* _The data_
= Beginning of Section =

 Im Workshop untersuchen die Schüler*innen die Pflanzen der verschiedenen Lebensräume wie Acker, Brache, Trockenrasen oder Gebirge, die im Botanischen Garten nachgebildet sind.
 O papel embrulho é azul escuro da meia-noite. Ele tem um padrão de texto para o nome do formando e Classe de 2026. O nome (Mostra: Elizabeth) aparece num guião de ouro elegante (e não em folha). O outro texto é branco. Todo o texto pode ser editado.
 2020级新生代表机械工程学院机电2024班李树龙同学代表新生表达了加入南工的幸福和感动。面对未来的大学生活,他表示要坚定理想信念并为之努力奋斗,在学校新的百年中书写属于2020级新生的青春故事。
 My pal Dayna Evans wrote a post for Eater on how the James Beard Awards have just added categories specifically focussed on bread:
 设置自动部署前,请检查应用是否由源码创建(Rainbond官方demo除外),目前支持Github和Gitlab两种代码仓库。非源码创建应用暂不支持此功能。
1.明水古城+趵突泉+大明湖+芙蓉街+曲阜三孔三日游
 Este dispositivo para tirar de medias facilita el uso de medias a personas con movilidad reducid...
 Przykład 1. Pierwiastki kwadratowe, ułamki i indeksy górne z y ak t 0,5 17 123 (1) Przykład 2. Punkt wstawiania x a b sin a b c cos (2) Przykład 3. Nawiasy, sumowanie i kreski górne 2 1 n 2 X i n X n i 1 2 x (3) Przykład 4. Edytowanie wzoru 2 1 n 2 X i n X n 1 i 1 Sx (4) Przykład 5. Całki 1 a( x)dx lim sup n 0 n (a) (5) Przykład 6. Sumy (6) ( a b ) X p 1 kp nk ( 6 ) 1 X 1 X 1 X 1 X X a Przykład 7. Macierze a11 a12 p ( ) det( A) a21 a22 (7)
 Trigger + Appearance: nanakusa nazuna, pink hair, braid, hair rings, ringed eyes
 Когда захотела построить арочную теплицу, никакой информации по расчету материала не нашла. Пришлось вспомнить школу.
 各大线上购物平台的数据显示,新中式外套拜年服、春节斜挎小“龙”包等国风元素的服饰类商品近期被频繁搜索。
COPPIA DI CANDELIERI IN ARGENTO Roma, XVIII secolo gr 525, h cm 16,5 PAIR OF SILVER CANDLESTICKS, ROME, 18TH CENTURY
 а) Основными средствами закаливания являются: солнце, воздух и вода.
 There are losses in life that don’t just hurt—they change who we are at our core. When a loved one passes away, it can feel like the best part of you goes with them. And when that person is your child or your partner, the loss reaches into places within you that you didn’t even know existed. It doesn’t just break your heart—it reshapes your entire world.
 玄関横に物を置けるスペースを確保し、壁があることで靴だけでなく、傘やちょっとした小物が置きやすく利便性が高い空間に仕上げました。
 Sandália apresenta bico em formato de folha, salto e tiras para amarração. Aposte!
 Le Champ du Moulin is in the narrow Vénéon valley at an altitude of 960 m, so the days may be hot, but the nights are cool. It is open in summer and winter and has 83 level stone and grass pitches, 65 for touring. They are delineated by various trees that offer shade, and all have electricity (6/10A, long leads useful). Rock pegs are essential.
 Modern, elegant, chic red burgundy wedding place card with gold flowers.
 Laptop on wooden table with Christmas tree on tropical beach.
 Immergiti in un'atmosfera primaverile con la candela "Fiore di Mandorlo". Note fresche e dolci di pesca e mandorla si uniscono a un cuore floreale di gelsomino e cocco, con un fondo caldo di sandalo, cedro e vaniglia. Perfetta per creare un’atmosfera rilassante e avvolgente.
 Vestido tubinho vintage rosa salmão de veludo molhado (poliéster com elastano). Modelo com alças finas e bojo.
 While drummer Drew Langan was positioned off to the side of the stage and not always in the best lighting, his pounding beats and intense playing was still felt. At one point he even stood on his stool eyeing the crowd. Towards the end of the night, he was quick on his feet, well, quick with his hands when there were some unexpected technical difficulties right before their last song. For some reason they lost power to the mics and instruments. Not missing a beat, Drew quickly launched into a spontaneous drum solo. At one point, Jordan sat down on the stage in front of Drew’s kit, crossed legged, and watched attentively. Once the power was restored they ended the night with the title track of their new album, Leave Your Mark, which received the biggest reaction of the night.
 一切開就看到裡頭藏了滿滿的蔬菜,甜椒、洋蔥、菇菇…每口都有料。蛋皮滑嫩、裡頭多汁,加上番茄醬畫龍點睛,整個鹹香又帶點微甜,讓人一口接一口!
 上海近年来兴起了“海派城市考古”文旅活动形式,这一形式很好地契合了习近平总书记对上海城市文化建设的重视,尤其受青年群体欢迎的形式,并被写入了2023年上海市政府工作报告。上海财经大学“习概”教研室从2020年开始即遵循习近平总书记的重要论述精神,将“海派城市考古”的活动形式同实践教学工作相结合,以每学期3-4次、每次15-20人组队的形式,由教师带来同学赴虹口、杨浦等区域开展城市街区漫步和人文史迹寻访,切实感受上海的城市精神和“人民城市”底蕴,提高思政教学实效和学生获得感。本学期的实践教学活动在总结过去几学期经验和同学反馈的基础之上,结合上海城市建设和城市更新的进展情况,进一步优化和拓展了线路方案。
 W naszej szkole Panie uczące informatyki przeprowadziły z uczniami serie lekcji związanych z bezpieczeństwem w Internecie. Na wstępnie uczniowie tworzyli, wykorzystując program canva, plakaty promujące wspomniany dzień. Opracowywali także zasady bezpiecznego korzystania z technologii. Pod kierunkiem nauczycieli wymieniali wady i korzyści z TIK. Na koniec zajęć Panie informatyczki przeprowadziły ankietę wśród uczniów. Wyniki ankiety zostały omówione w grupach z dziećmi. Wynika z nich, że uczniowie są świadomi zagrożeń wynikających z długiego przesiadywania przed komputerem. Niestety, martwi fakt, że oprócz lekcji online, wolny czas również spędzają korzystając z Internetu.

= End of Section =

* _Work to complete_
Your answer must be the lines above from the one containing "O papel embrulho" to the one containing "Este dispositivo para", both included, restated word for word.

* _Task output_
 O papel embrulho é azul escuro da meia-noite. Ele tem um padrão de texto para o nome do formando e Classe de 2026. O nome (Mostra: Elizabeth) aparece num guião de ouro elegante (e não em folha). O outro texto é branco. Todo o texto pode ser editado.
 2020级新生代表机械工程学院机电2024班李树龙同学代表新生表达了加入南工的幸福和感动。面对未来的大学生活,他表示要坚定理想信念并为之努力奋斗,在学校新的百年中书写属于2020级新生的青春故事。
 My pal Dayna Evans wrote a post for Eater on how the James Beard Awards have just added categories specifically focussed on bread:
 设置自动部署前,请检查应用是否由源码创建(Rainbond官方demo除外),目前支持Github和Gitlab两种代码仓库。非源码创建应用暂不支持此功能。
1.明水古城+趵突泉+大明湖+芙蓉街+曲阜三孔三日游
 Este dispositivo para tirar de medias facilita el uso de medias a personas con movilidad reducid...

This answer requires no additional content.